Comparison Is a Poor Coach

There’s a certain time of year when comparison gets louder.

Not because people suddenly become insecure or overly competitive—but because more information is floating around.

Workouts get shared.
Scores get posted.
People talk.
Social media fills up with effort and outcomes.

In the CrossFit world, this experience most often reminds us of the Open—a few weeks when workouts are done worldwide and people choose how (or whether) to engage. Some people love it. Some feel exposed. Some barely notice.

But this isn’t really about the Open.

It’s about what happens anytime your effort becomes visible.

And comparison steps in.


Comparison Isn’t the Problem

Let’s get this out of the way early:

Comparison is human.

Your brain is wired to look around and ask:

  • Where am I?
  • How am I doing?
  • Am I safe here?

So if you notice yourself comparing—your pace, your strength, your progress—it doesn’t mean you’re doing something wrong.

It means you care.

The problem isn’t that comparison shows up.

The problem is what role it’s given.


When Comparison Becomes the Coach

In coaching conversations, this shows up all the time.

Someone finishes a workout and says:

  • “I should’ve gone faster.”
  • “Everyone else made that look easy.”
  • “I’m just not where I should be.”

What’s happening underneath isn’t lack of effort.

It’s that comparison has quietly taken the role of authority.

Instead of asking:

“How did my body respond today?”

The question becomes:

“How did I stack up?”

And comparison makes a terrible coach.

It doesn’t know your history.
It doesn’t know your context.
It doesn’t know what you’re working on.
It doesn’t care how you slept, recovered, or showed up.

It only knows outcomes—and it’s rarely kind about them.


How Comparison Distorts Effort

When comparison takes over, effort changes shape.

We see people:

  • Push past smart pacing because someone else did
  • Ignore good movement to keep up
  • Rush recovery because “others are training more”
  • Judge themselves mid-workout or mid-rep instead of staying present

Effort becomes performative instead of purposeful.

And this is where people stop trusting the work they’ve been doing.

Not because the work isn’t working—but because comparison keeps moving the target.


A Better Way to Use Comparison

Comparison doesn’t have to disappear.

It just needs a demotion.

Instead of being the coach, it can be information.

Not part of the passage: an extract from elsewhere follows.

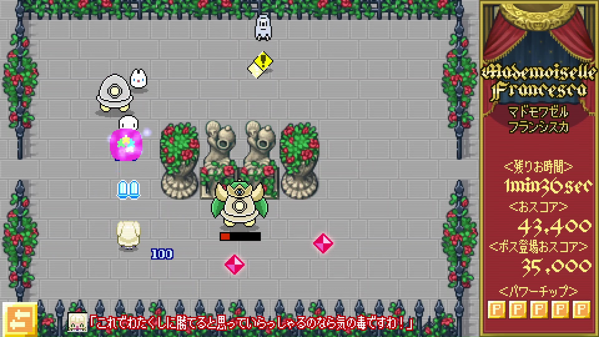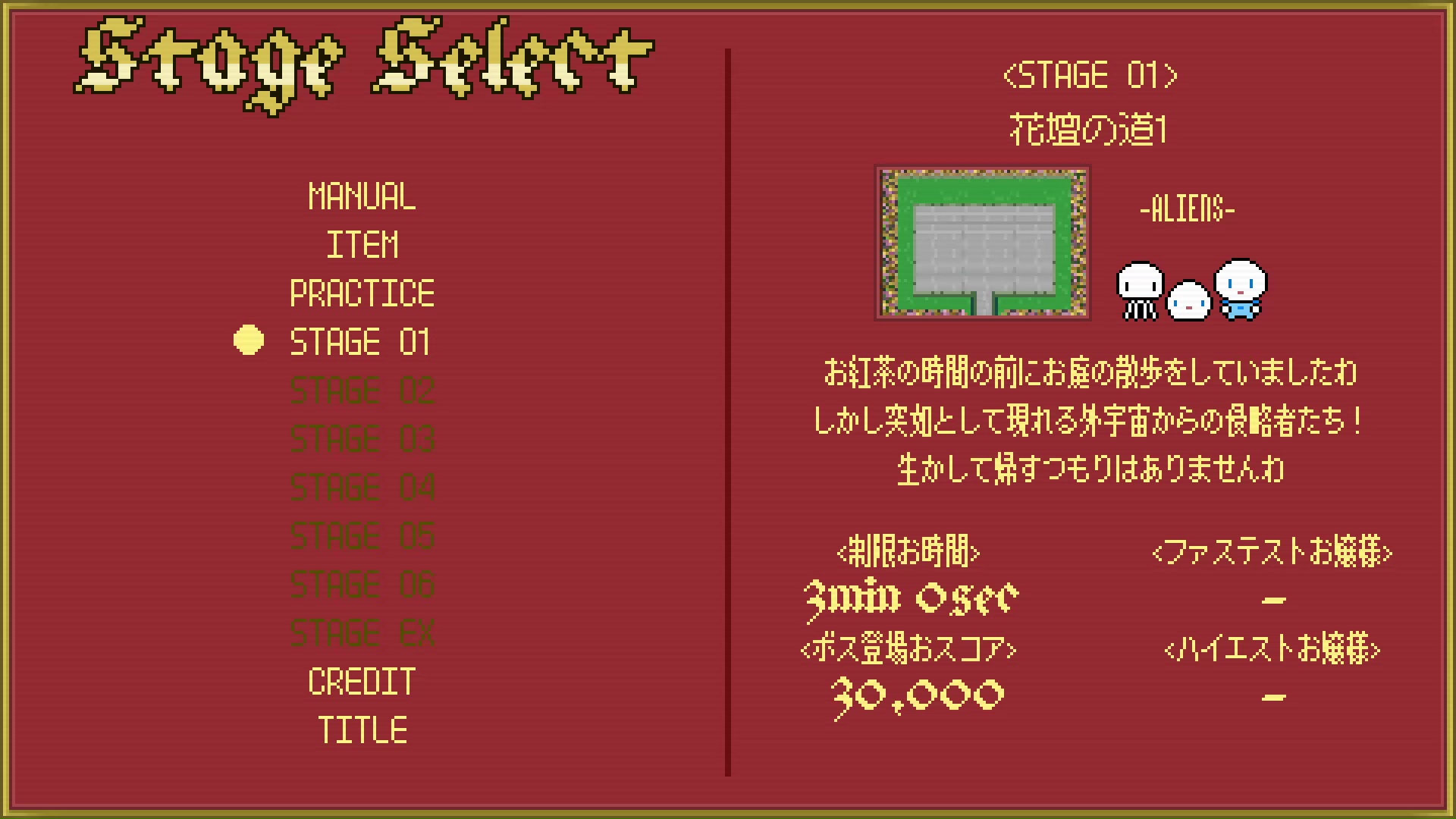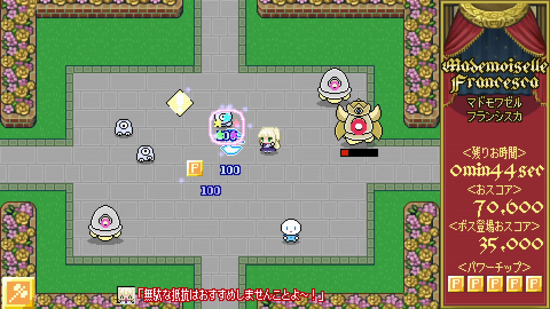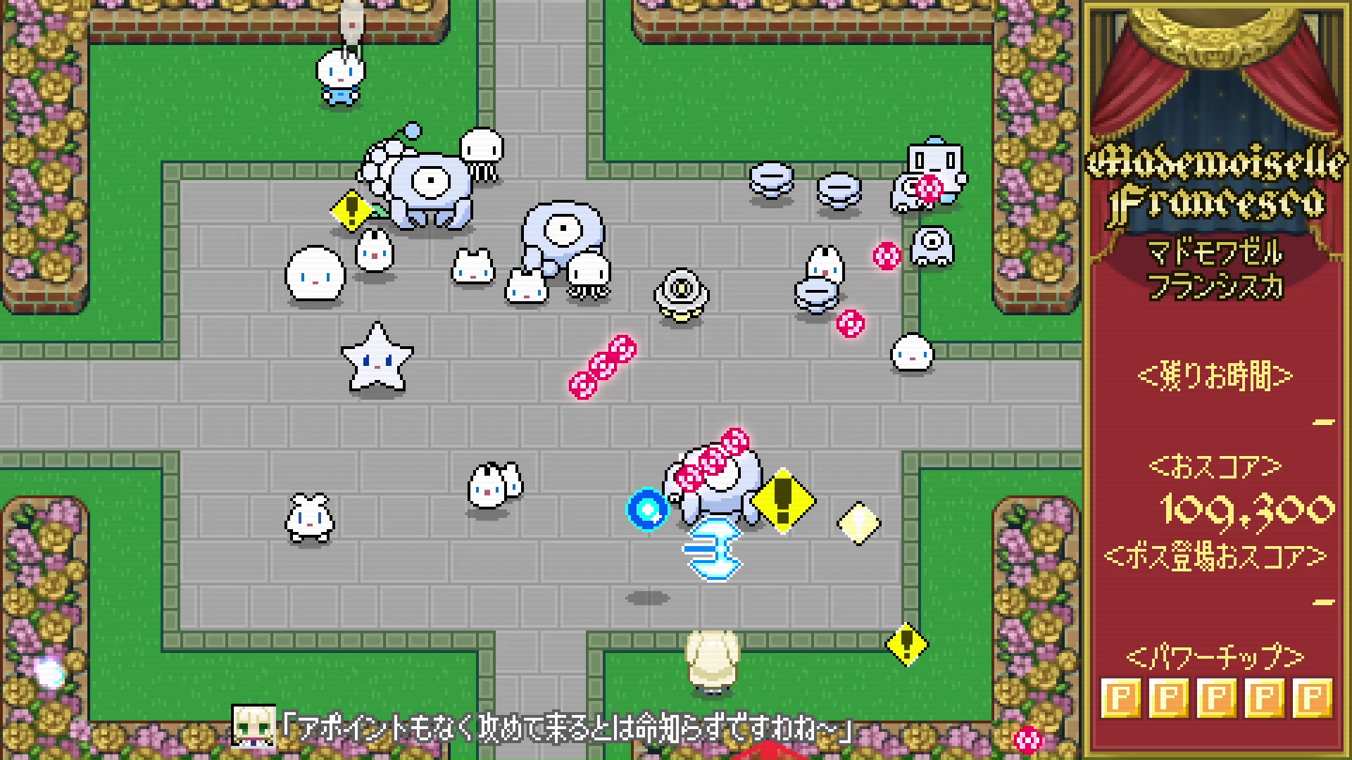 実際はボスが出現しても、雑魚敵の宇宙人たちの出現が止むことはない。そんなのお構いなしに現れてはお嬢様に攻撃を仕掛けてくるのだ。

Helpful comparison sounds like:

  • “Oh—that’s interesting.”
  • “That’s a different strategy.”
  • “That gives me ideas for later.”

Unhelpful comparison sounds like:

  • “I should be there by now.”
  • “Something must be wrong with me.”
  • “I’m behind.”

A simple rule we use in coaching:

If comparison makes you smaller, it’s not helping.

If it sparks curiosity without judgment, it might be useful.


Better Questions to Ask

When you feel comparison creeping in—especially during busy, high-visibility seasons—try swapping the question.

Instead of:

  • “Why am I not as good as them?”

Try:

  • “What am I actually working on right now?”
  • “What does good effort look like for me today?”
  • “What would honoring my plan look like in this moment?”

These questions bring you back into relationship with your process.

That’s where growth actually happens.


This Shows Up Everywhere

This isn’t just a gym thing.

Comparison sneaks into:

  • Work and productivity
  • Parenting
  • Health habits
  • Finances
  • Creative work

Anywhere progress is visible, comparison follows.

And in every domain, it makes the same mistake:

It confuses someone else’s outcome for your instruction.


Staying in Your Work

There will always be people ahead.
There will always be people behind.
There will always be louder results and quieter ones.

The goal isn’t to escape comparison entirely.

It’s to keep it from driving.

You don’t need comparison to motivate you.
You need clarity about what your work is asking of you right now.

Especially in seasons when the noise gets louder.

Stay in your lane.
Trust your practice.
Let comparison be a passing thought—not the voice in charge.